# Tempo: Outono começa hoje às 16:44 em Portugal continental



## rbsmr (22 Set 2008 às 11:44)

Lisboa, 22 Set (Lusa) - O Outono começa hoje quando forem 16:44 em Portugal continental, acompanhado por condições meteorológicas características desta estação do ano, como aguaceiros e uma pequena descida da temperatura.

O Outono vai prolongar-se até ao próximo Solstício, que ocorre no dia 21 de Dezembro às 17:04, em Portugal continental.

A chegada do Outono antecede a alteração da hora, que acontece no próximo dia 26 de Outubro, dando início à chamada Hora de Inverno.

Nesse dia, quando forem 02:00 em Portugal continental, os relógios deverão ser atrasados 60 minutos.

O equinócio do Outono no Hemisfério Norte marca o "instante em que o Sol, no seu movimento anual aparente, cruza o equador celeste", de acordo com a definição do Observatório Astronómico de Lisboa.

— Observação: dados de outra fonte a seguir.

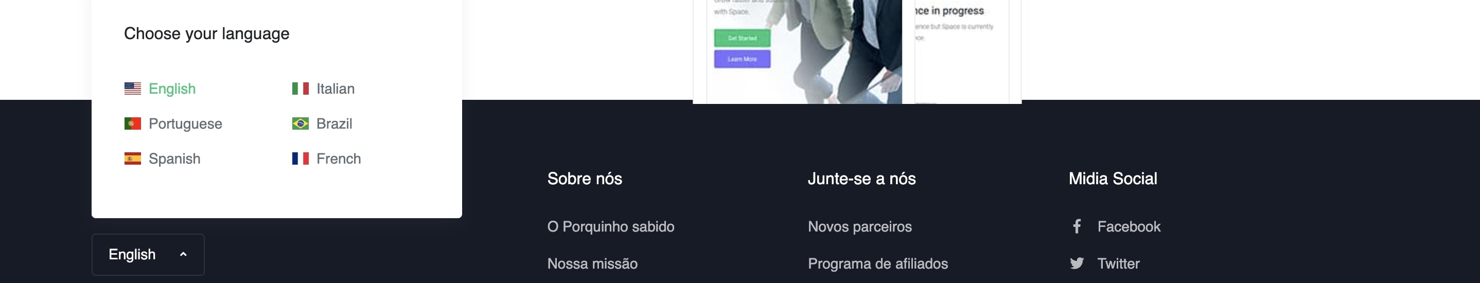 O PS/DCP permite duas abordagens distintas para a operação em multi-idioma. a) Criando um novo Modulo de Apresentação de forma que os sites em diferentes idiomas aparentem não ter relação entre si, fucionando de forma independente, b) Utilizando o seletor de idiomas no mesmo Modulo de Apresentação permitindo que o mesmo site seja apresentqados em vários idiomas, como no exemplo abaixo: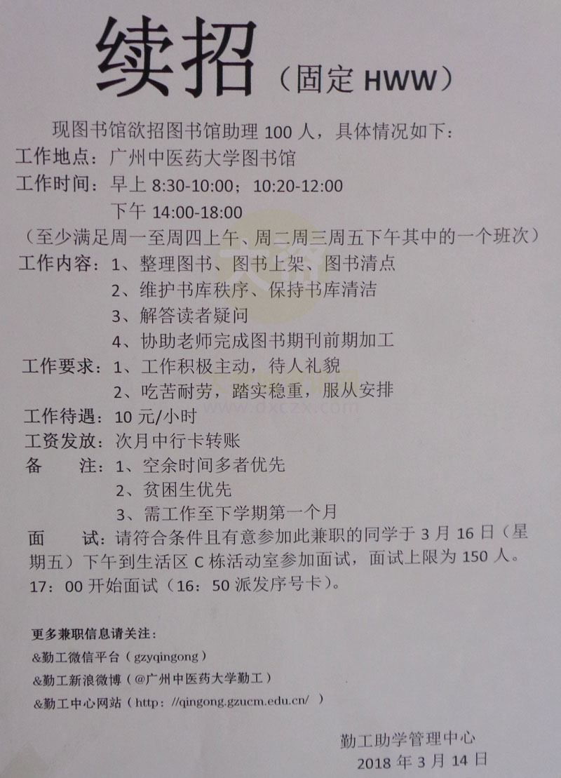 [续招] | (固定 HWW) 现图书馆欲招图书馆助理100人 2018年3月14日 | ||||||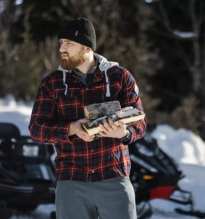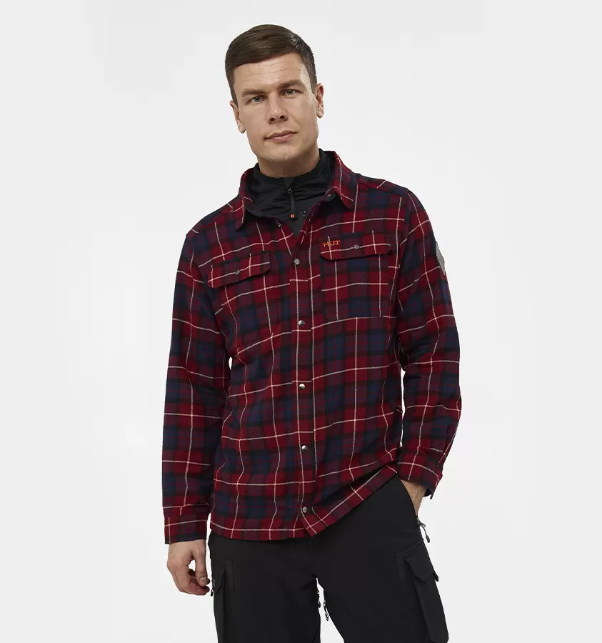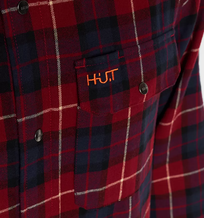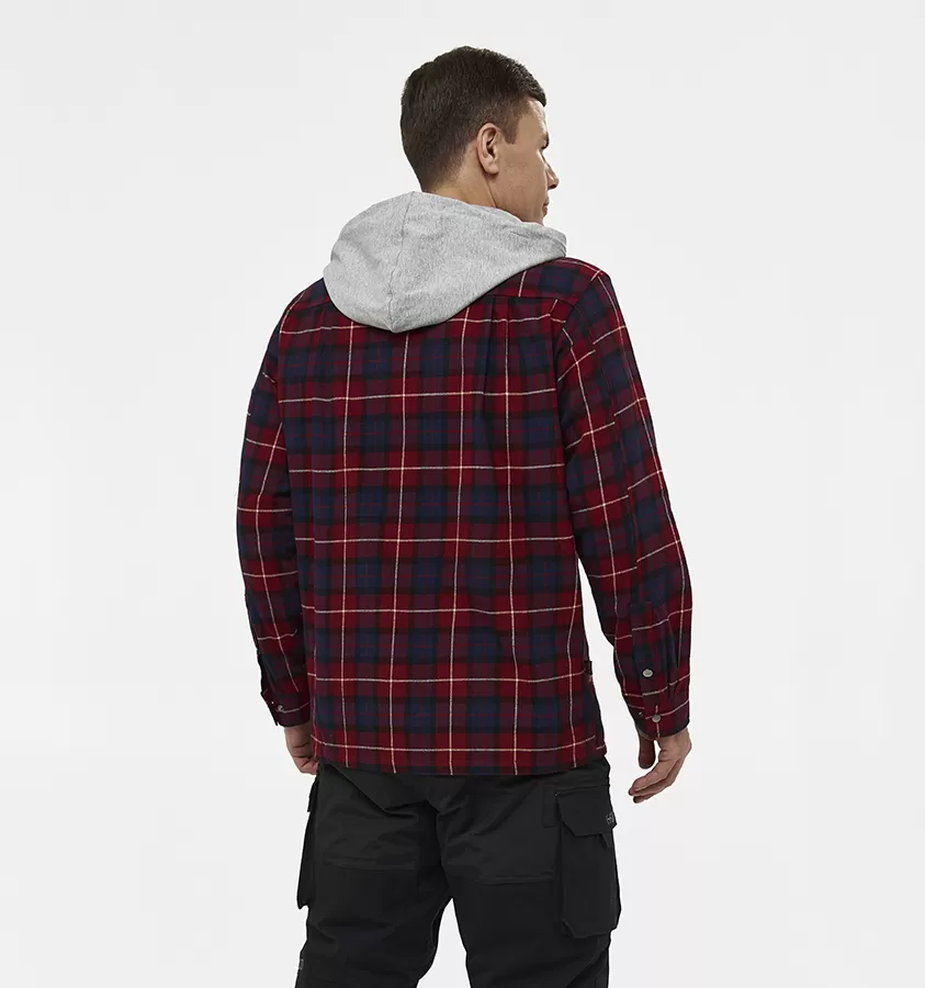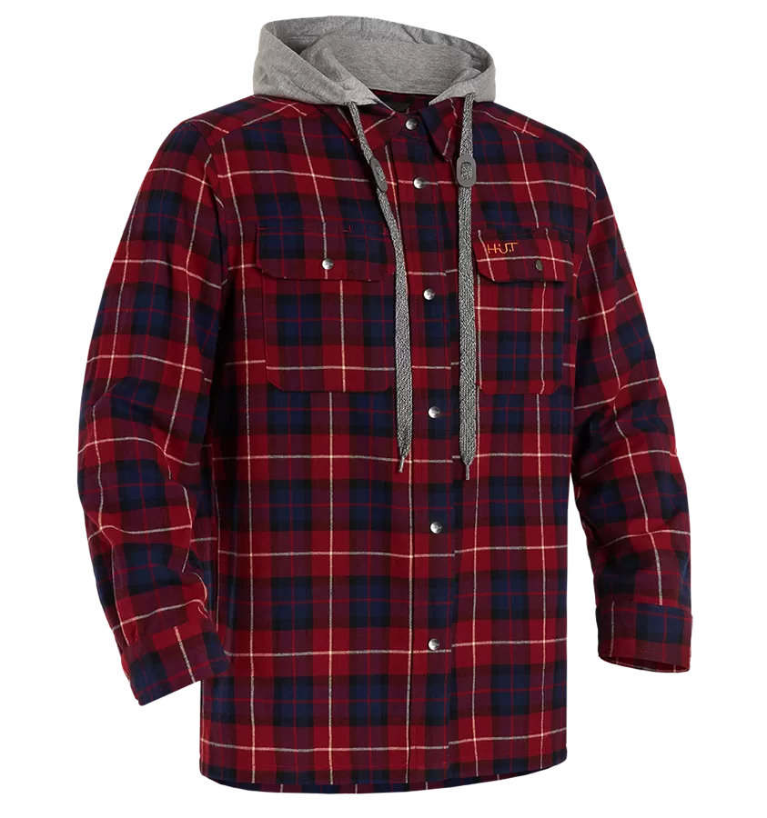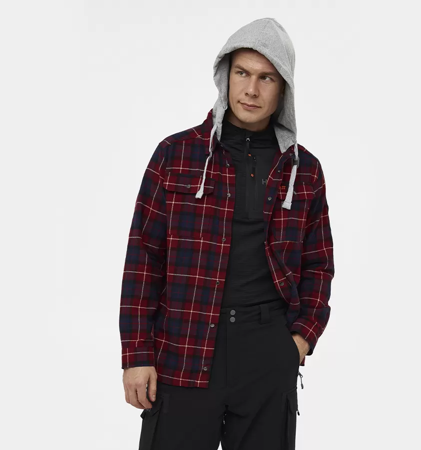 Рубашка мужская H.U.T. Samatja, с капюшоном, фланелевая, бордовая

Equinócio é uma palavra de origem latina que significa "noite igual ao dia", dado que, nestas datas, dia e noite têm igual duração, precisa ainda a mesma fonte.

Para hoje, o Instituto de Meteorologia prevê céu geralmente muito nublado, aguaceiros por vezes fortes, acompanhados de trovoadas e queda de granizo e ainda uma pequena descida da temperatura máxima.

SB

Lusa/Fim


----------



## Mário Barros (22 Set 2008 às 12:56)

Pois é, pois é, demos então as boas vinda ao Outono 

E vamos lá ver se realmente lhe podemos aplicar o nome    estou farto de secas iminentes.


----------



## vitamos (22 Set 2008 às 13:01)

Eu costumo dizer que o Outono é a longa estrada que nos separa do Inverno assim como a Primavera é a longa estrada que conduz ao Verão. 

Tirando uma ou outra possível situação, não é das minhas estações favoritas... E o inverno tão perto e contudo tão longe. Esse sim desperta em mim um sentimento especial 

Mas venha então ele ás 16h44m... Se for barulhento mais bem vindo é!


----------



## MSantos (22 Set 2008 às 16:48)

O Outono começou à poucos minutos...

Espero que tenha muita chuva, e neve cá em Bragança


----------